In [1]:
#connect to google drive
from google.colab import drive
drive.mount('/content/drive')


Drive already mounted at /content/drive; to attempt to forcibly remount, call drive.mount("/content/drive", force_remount=True).


In [2]:
import os
import torch
import numpy as np
import soundfile as sf

from moviepy.editor import VideoFileClip
from transformers import Wav2Vec2Processor, Wav2Vec2Model

In [3]:
# -------------------------------------------------
# Device configuration
# -------------------------------------------------
DEVICE = "cuda" if torch.cuda.is_available() else "cpu"

In [4]:
# -------------------------------------------------
# Load pretrained Wav2Vec2 model
# -------------------------------------------------
AUDIO_MODEL_NAME = "facebook/wav2vec2-base"
processor = Wav2Vec2Processor.from_pretrained(AUDIO_MODEL_NAME)
model = Wav2Vec2Model.from_pretrained(AUDIO_MODEL_NAME).to(DEVICE)
model.eval()


The secret `HF_TOKEN` does not exist in your Colab secrets.
To authenticate with the Hugging Face Hub, create a token in your settings tab (https://huggingface.co/settings/tokens), set it as secret in your Google Colab and restart your session.
You will be able to reuse this secret in all of your notebooks.
Please note that authentication is recommended but still optional to access public models or datasets.




Wav2Vec2Model(
  (feature_extractor): Wav2Vec2FeatureEncoder(
    (conv_layers): ModuleList(
      (0): Wav2Vec2GroupNormConvLayer(
        (conv): Conv1d(1, 512, kernel_size=(10,), stride=(5,), bias=False)
        (activation): GELUActivation()
        (layer_norm): GroupNorm(512, 512, eps=1e-05, affine=True)
      )
      (1-4): 4 x Wav2Vec2NoLayerNormConvLayer(
        (conv): Conv1d(512, 512, kernel_size=(3,), stride=(2,), bias=False)
        (activation): GELUActivation()
      )
      (5-6): 2 x Wav2Vec2NoLayerNormConvLayer(
        (conv): Conv1d(512, 512, kernel_size=(2,), stride=(2,), bias=False)
        (activation): GELUActivation()
      )
    )
  )
  (feature_projection): Wav2Vec2FeatureProjection(
    (layer_norm): LayerNorm((512,), eps=1e-05, elementwise_affine=True)
    (projection): Linear(in_features=512, out_features=768, bias=True)
    (dropout): Dropout(p=0.1, inplace=False)
  )
  (encoder): Wav2Vec2Encoder(
    (pos_conv_embed): Wav2Vec2PositionalConvEmbedding(
  

In [5]:
# -------------------------------------------------
# Extract audio from MP4 using MoviePy
# -------------------------------------------------
def extract_audio_mp4_to_wav(mp4_path, wav_path):
    """
    Extracts audio from an MP4 file and saves it as a 16kHz mono WAV file.

    """
    video = VideoFileClip(mp4_path)

    if video.audio is None:
        video.close()
        raise ValueError(f"No audio stream found in {mp4_path}")
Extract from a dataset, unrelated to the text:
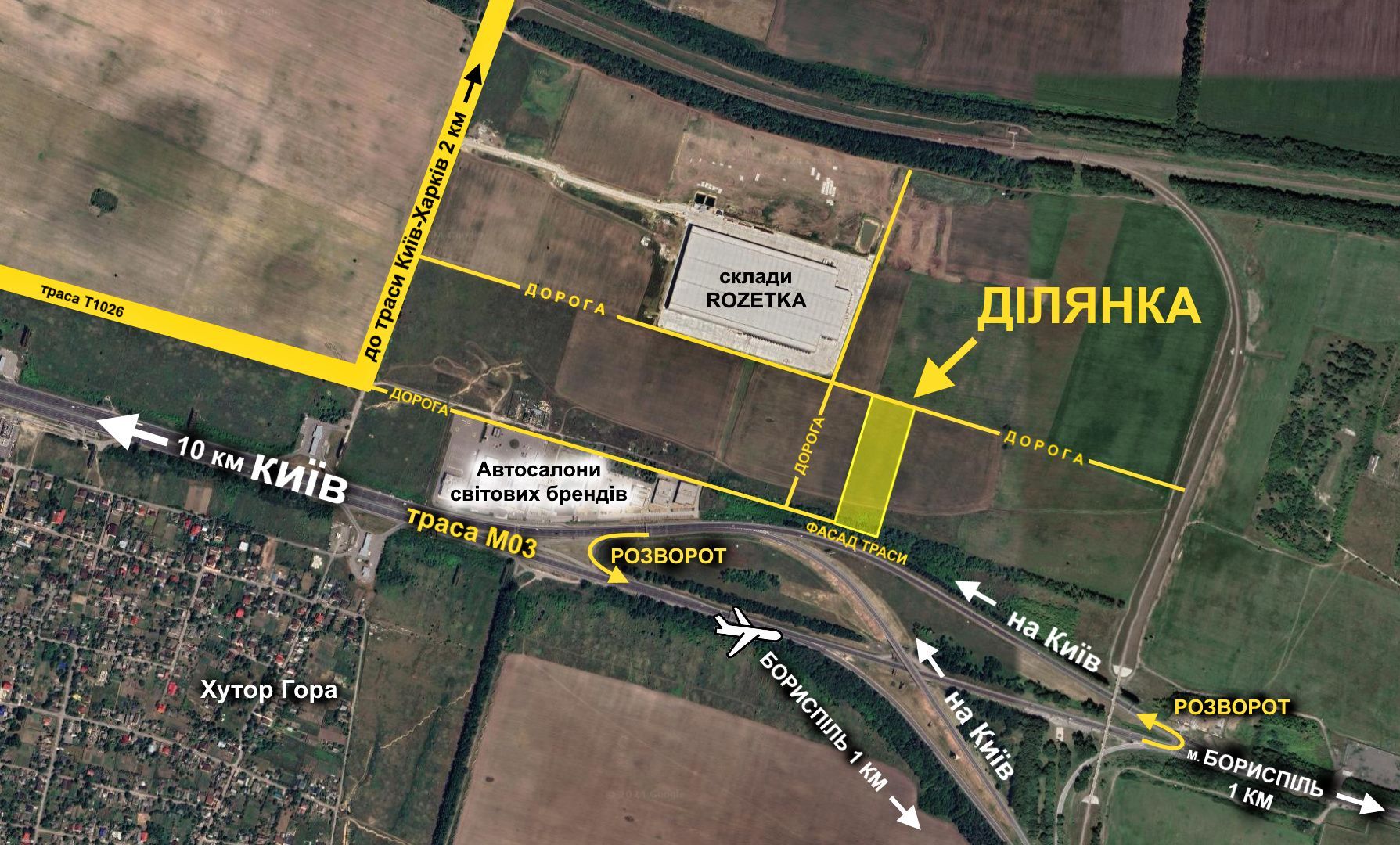 Продается фасадный земельный участок коммерческого назначения на автомобильной развязке: Киев – международный аэропорт "Борисполь" – город Борисполь. Общая площадь 2,25 га (возможно увеличение площади до 4,5 га). Целевое назначение участка соответствует актуальному плану застройки территории, разрешающему строительство любого коммерческого объекта. Участок ровный, имеет форму правильного прямоугольника. Фасадная часть – 87 метров, длина – 260 метров. Двухсторонний подъезд. Какие-либо ограничения (частичные ограничения) на использование участка: охранные, санитарные зоны и прочее - отсутствуют. Частная собственность физического лица. Любая форма расчета. Продажа без комиссионных, по цене собственника.

    video.audio.write_audiofile(
        wav_path,
        fps=16000,
        nbytes=2,
        codec="pcm_s16le",
        logger=None
    )

    video.close()


In [6]:
AUDIO_FEATURE_PATH = "/content/drive/MyDrive/Dissertion/Data/Features/audio"
if not os.path.exists(AUDIO_FEATURE_PATH):
    os.makedirs(AUDIO_FEATURE_PATH)
# -------------------------------------------------
# Audio embedding extraction + saving
# -------------------------------------------------
@torch.no_grad()
def extract_and_save_audio_embedding_from_mp4(
    video_path,
    save_dir=AUDIO_FEATURE_PATH,
    temp_wav_dir="_temp_wav"
):
    os.makedirs(save_dir, exist_ok=True)
    os.makedirs(temp_wav_dir, exist_ok=True)

    video_name = os.path.splitext(os.path.basename(video_path))[0]
    temp_wav_path = os.path.join(temp_wav_dir, f"{video_name}.wav")
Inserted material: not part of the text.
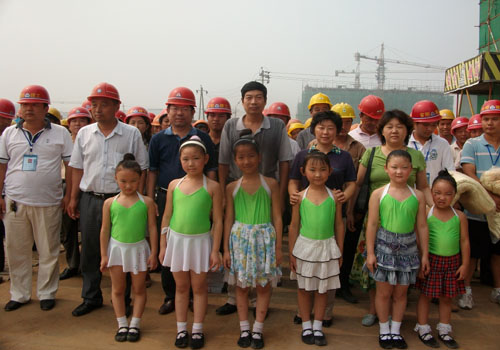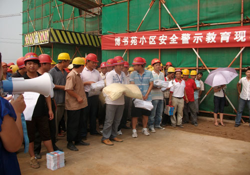 7月15日上午,安陽(yáng)市總工會(huì)副主席宋忠平、保障部部長(zhǎng)呂啟霞、城建水利工會(huì)副主席董江紅一行,來(lái)到我公司承建的如火如荼的博書(shū)苑工地,看望在高溫時(shí)節(jié)奮戰(zhàn)在施工一線的建筑工人,并為他們送去了毛巾、風(fēng)油精、汗衫、《農(nóng)民工知識(shí)讀本》等防暑降溫慰問(wèn)品,市總工會(huì)給工地帶來(lái)了關(guān)懷帶來(lái)了愛(ài),同時(shí)也為工地帶來(lái)了歡快活潑的少兒舞蹈“愛(ài)的人間”,小朋友們用稚嫩的聲音深情地說(shuō):工人叔叔辛苦了!她們的熱情感染了在場(chǎng)的每個(gè)人。宋主席一邊給工人送上慰問(wèn)品,一邊關(guān)切地詢問(wèn)他們的工作、生活情況,囑咐要注意身體健康、防暑降溫。他說(shuō):“博書(shū)苑是安陽(yáng)市最大的經(jīng)濟(jì)適用房,一直受到市各級(jí)領(lǐng)導(dǎo)的關(guān)注,你們冒著酷暑仍然堅(jiān)守在工作崗位上,辛苦了,我向你們表示感謝?!彼诠さ匾侠戆才殴て谟?jì)劃,一定要讓工人注意合理休息。公司副總經(jīng)理郝志峰、工會(huì)主席馬松林到現(xiàn)場(chǎng)參加了活動(dòng),郝經(jīng)理表示:我們要更加努力的工作,克服高溫酷暑,全力投入生產(chǎn),以實(shí)際行動(dòng)感謝市工會(huì)的關(guān)心支持!面對(duì)還將持續(xù)下去的高溫天氣,我們要繼續(xù)發(fā)揚(yáng)艱苦奮斗、無(wú)私奉獻(xiàn)的精神,堅(jiān)守工作崗位,安全生產(chǎn),安全度夏。

    # 1. Extract WAV from MP4
    extract_audio_mp4_to_wav(video_path, temp_wav_path)

    # 2. Load WAV using soundfile (PURE PYTHON WHEEL)
    waveform, sr = sf.read(temp_wav_path, dtype="float32")
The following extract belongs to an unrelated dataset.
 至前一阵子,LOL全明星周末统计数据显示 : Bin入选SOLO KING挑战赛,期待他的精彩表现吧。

    # Convert to mono if stereo
    if waveform.ndim == 2:
        waveform = waveform.mean(axis=1)

    waveform = torch.from_numpy(waveform)

    # 3. Prepare input for Wav2Vec2
    inputs = processor(
        waveform,
        sampling_rate=sr,
        return_tensors="pt"
    ).to(DEVICE)

    # 4. Forward pass through Wav2Vec2
    outputs = model(**inputs)

    # Frame-level embeddings: [time_steps, hidden_dim]
    hidden_states = outputs.last_hidden_state.squeeze(0)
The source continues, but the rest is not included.